[SOLVED] numpy.loadtxt: load a range of columns

numpy.loadtxt: load a range of columns

I have a .csv file with both string and integer - containing columns. I need to use numpy.loadtxt method to import the matrix formed from the specified columns. How can I do that? Right now I am trying to do the following:

data = np.loadtxt(open(path_to_data, "rb"), delimiter=",", skiprows=1, usecols=[1:])

Basically trying to read all columns but first, but it is giving an error:

SyntaxError: invalid syntax

Because such syntax is not allowed: usecols=[1:]

Solution

This is the syntax error:

In [153]: [1:]
  File "<ipython-input-153-4bac19319341>", line 1
    [1:]
      ^
SyntaxError: invalid syntax

It's not specific to loadtxt.

Use

data = np.loadtxt(open(path_to_data, "rb"), delimiter=",", skiprows=1, usecols=np.arange(1,n))

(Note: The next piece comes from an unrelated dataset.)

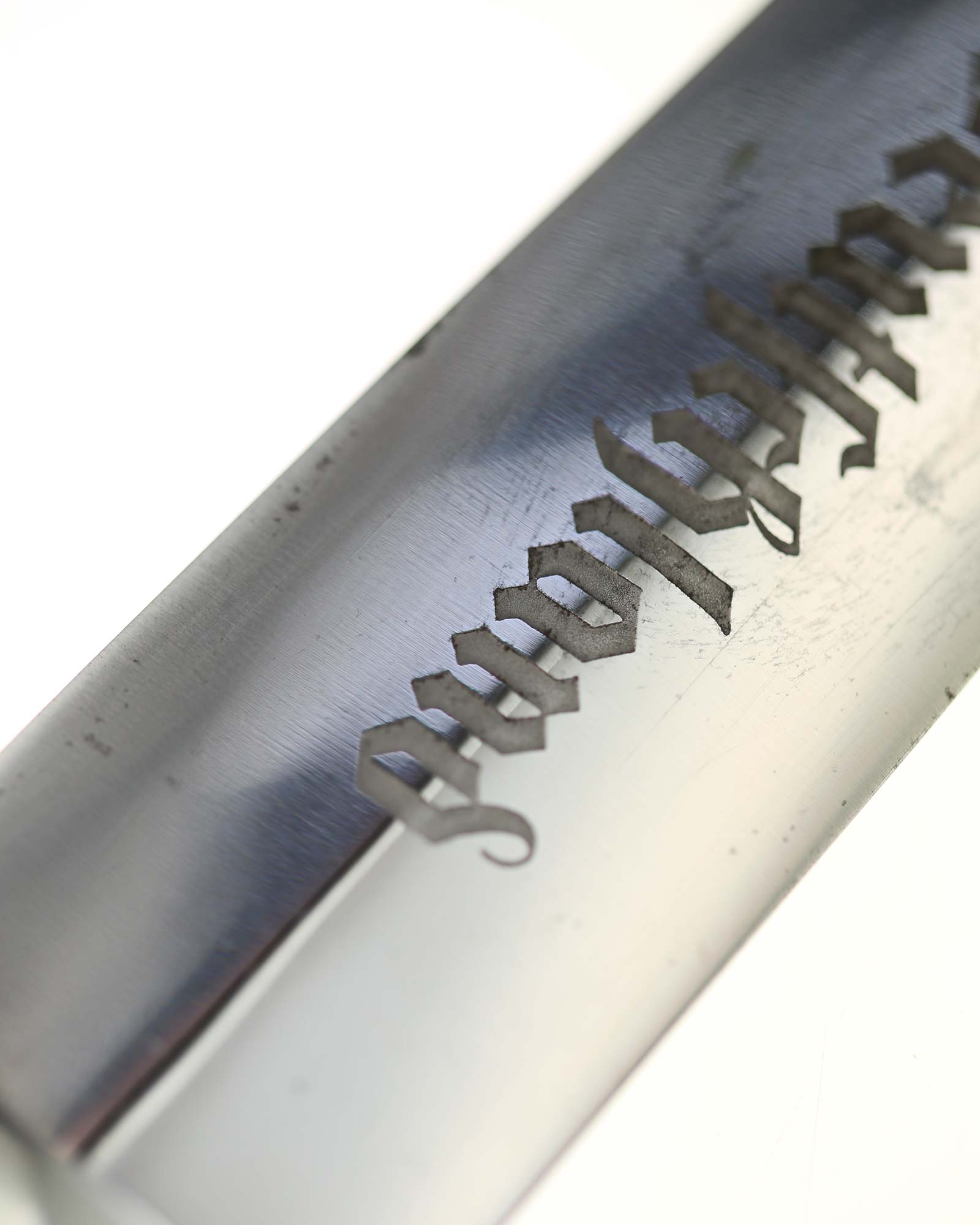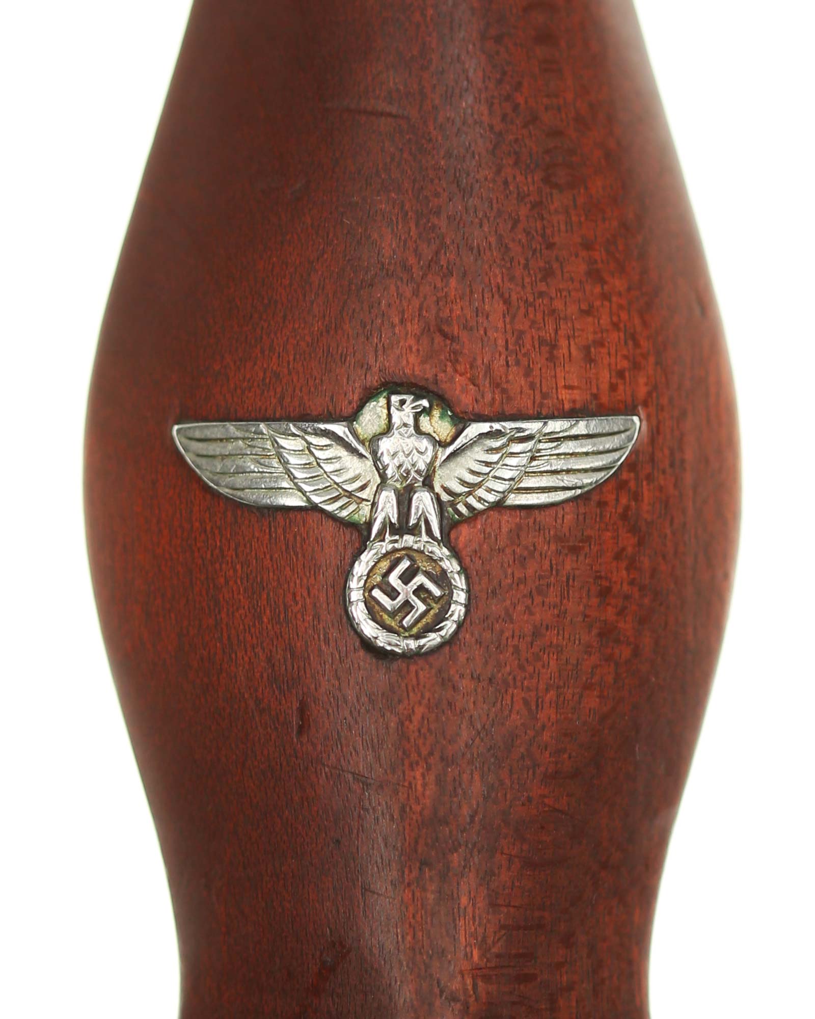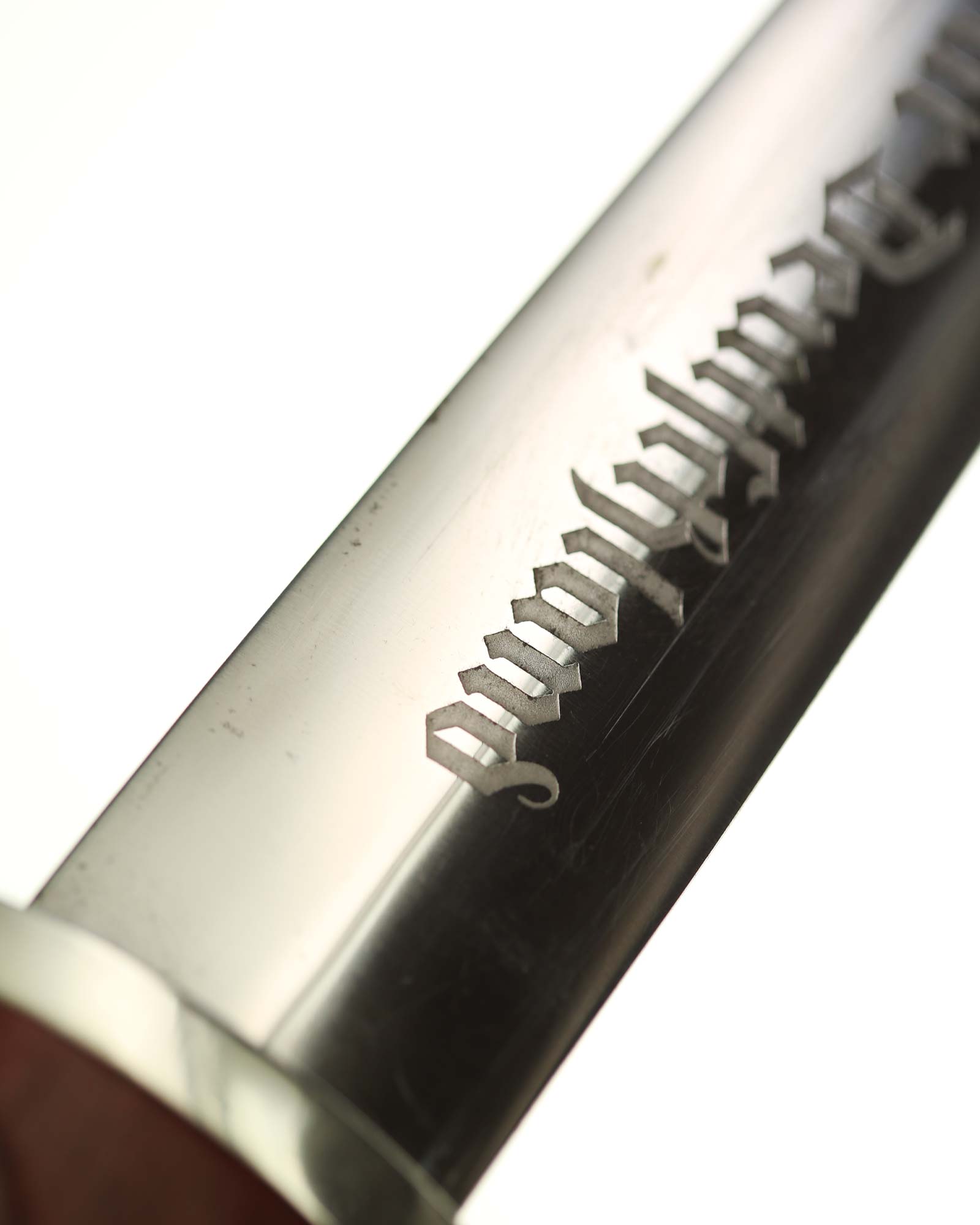 Grip: The High Ridge construction grip is in perfect condition, fitting the guards like a glove. The SA runes button is nicely placed and retains perfect enamel. The nickel grip eagle is the style with a slightly upturned beak. This bird retains full detailing throughout the head, breast and wing feathering, talons and wreathed mobile swastika. The nickel crossguards are in beautiful condition throughout, and the tang nut looks to have been out only once or twice. The lower reverse crossguard is Gruppe marked «Wm» Westmark.

where n is the total number of columns.

usecols : int or sequence, optional
    Which columns to read, with 0 being the first. For example,
    ``usecols = (1,4,5)`` will extract the 2nd, 5th and 6th columns.
    The default, None, results in all columns being read.

If you don't know n, and don't want to use a preliminary file read to determine it, genfromtxt might be easier.

data = np.genfromtxt(..., delimiter=',', skiprows=1)

should load all columns, putting nan where it can't convert the string into float. If those nan are all in the first column, then

data = data[:,1:]

should give you all but the first column.

genfromtxt is a little more forgiving when it comes to converting strings to floats.